How to complete this task:
With pictures left out, write out exactly every line from the start of the data through the one that contains "显微互动微观形态学实验室,主".

··· Dataset extract ···

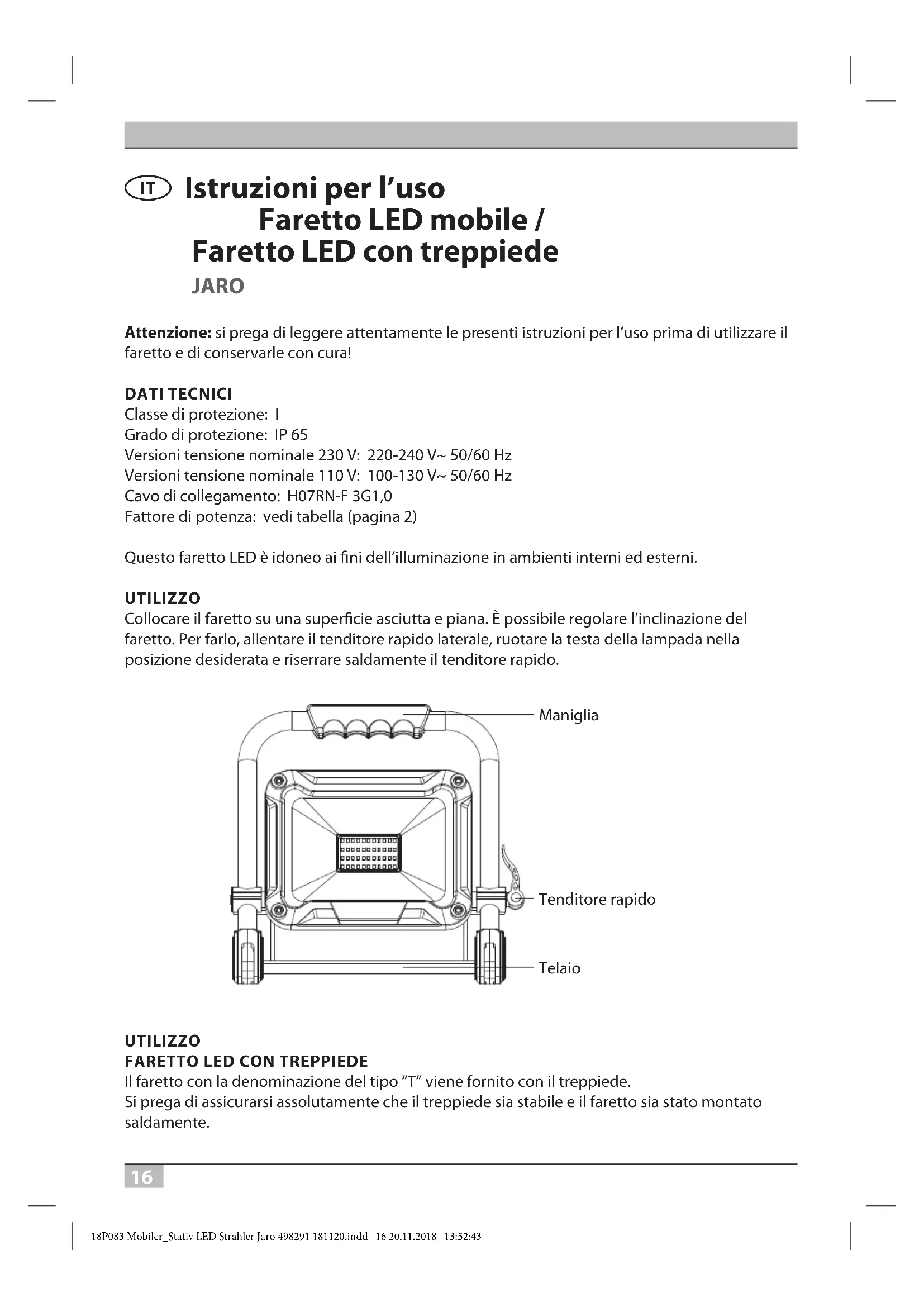 Il faretto con la denominazione del tipo “T” viene fornito con il treppiede. Si prega di assicurarsi assolutamente che il treppiede sia stabile e il faretto sia stato montato saldamente. 18P083 Mobiler_Stativ LED Strahler Jaro 498291 181120.indd 16 20.11.2018 13:52:4317 JARO Istruzioni per l’uso
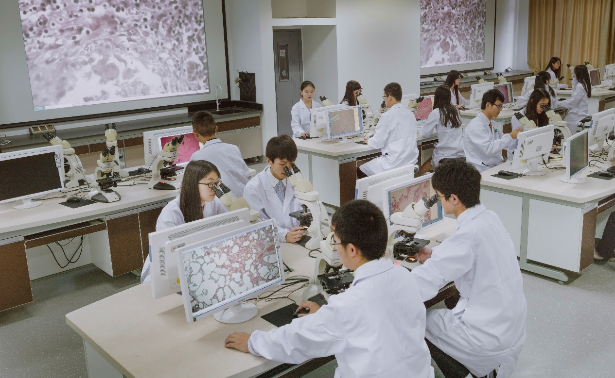 显微互动微观形态学实验室,主要为组织学和胚胎学以及病理学实验课而建设,帮助学生构筑微观形态学知识架构。除了可以采集显微镜下的图像,利用显示器进行观察外,还可以借助网络,实现师生的互动。2023年对该实验室进一步进行了软硬件升级改造,配有与显微镜适配的高清摄像头,使学生们能更好地观察器官、组织的微观结构,易于发现问题并解决问题,大大提高了学生的学习效率和自主学习兴趣。在教师指导下,学生利用显微互动系统、多媒体、标本、模型等独立观察、分析判断组织切片的微细结构和标本、模型的结构,借以验证、巩固和深化所学的理论知识。
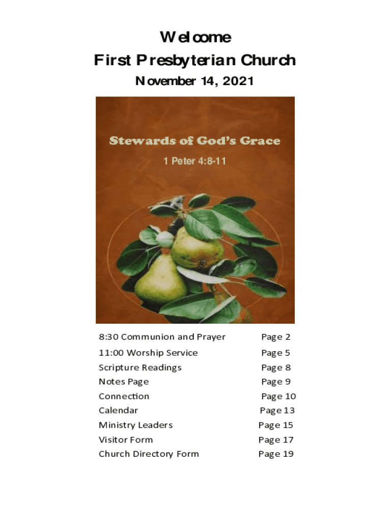 Welcome First Presbyterian Church November 14, 2021Stewards of Gods Grace 1 Peter 4:8118:30 Communion and Prayer Page 211:00 Worship Service Page 5Scripture Readings Page 8Notes Page 9ConnectionPage
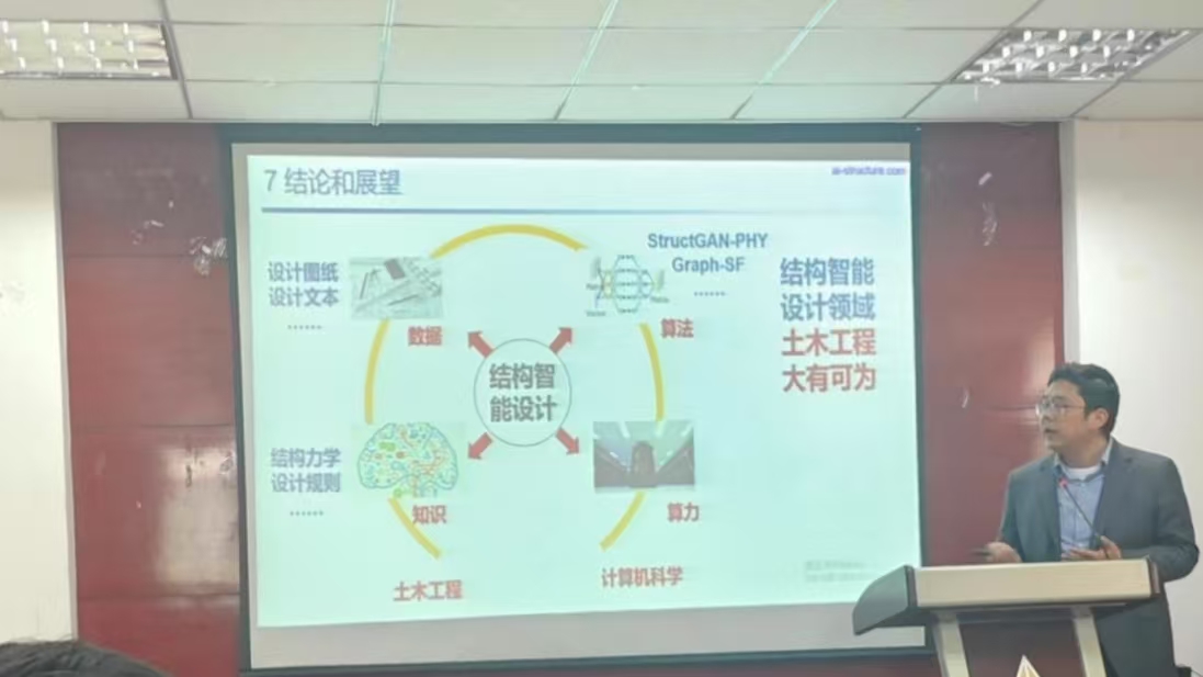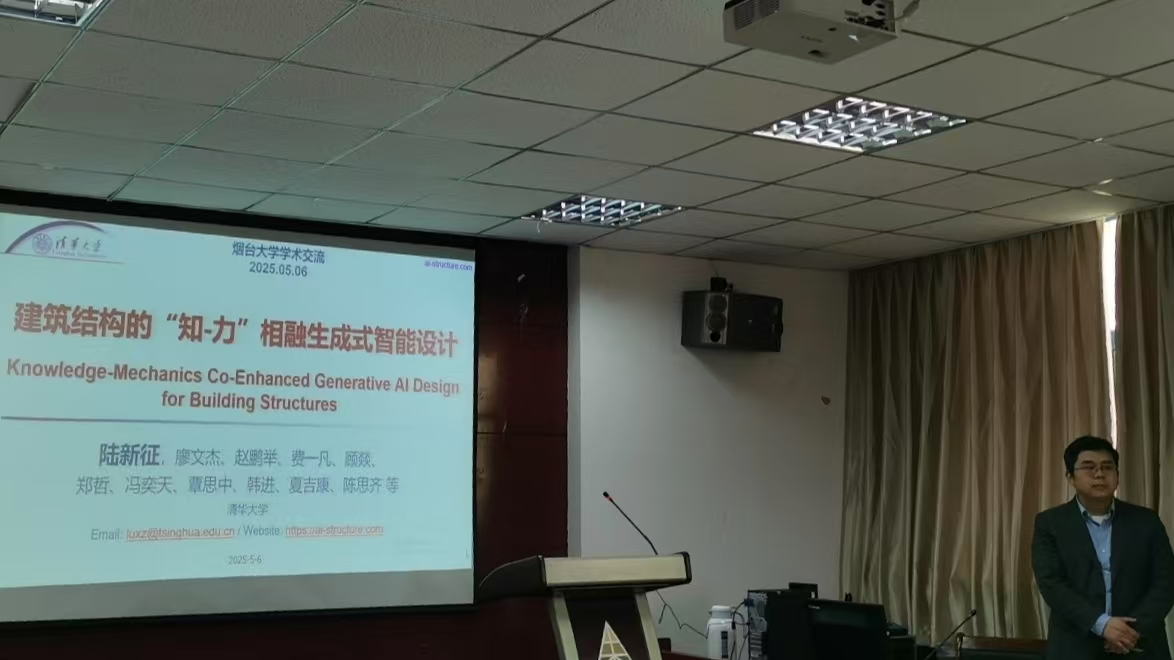 2025年5月6日下午,清华大学土木工程系教授、防灾减灾工程研究所所长陆新征在烟台大学土木馆A304作题为《建筑结构“知−力”相融生成式智能设计》的学术报告。作为工程力学领域权威专家,陆教授系统阐述了人工智能技术在建筑结构设计中的创新应用与发展前景。

···

Reply:
 Il faretto con la denominazione del tipo “T” viene fornito con il treppiede. Si prega di assicurarsi assolutamente che il treppiede sia stabile e il faretto sia stato montato saldamente. 18P083 Mobiler_Stativ LED Strahler Jaro 498291 181120.indd 16 20.11.2018 13:52:4317 JARO Istruzioni per l’uso
 显微互动微观形态学实验室,主要为组织学和胚胎学以及病理学实验课而建设,帮助学生构筑微观形态学知识架构。除了可以采集显微镜下的图像,利用显示器进行观察外,还可以借助网络,实现师生的互动。2023年对该实验室进一步进行了软硬件升级改造,配有与显微镜适配的高清摄像头,使学生们能更好地观察器官、组织的微观结构,易于发现问题并解决问题,大大提高了学生的学习效率和自主学习兴趣。在教师指导下,学生利用显微互动系统、多媒体、标本、模型等独立观察、分析判断组织切片的微细结构和标本、模型的结构,借以验证、巩固和深化所学的理论知识。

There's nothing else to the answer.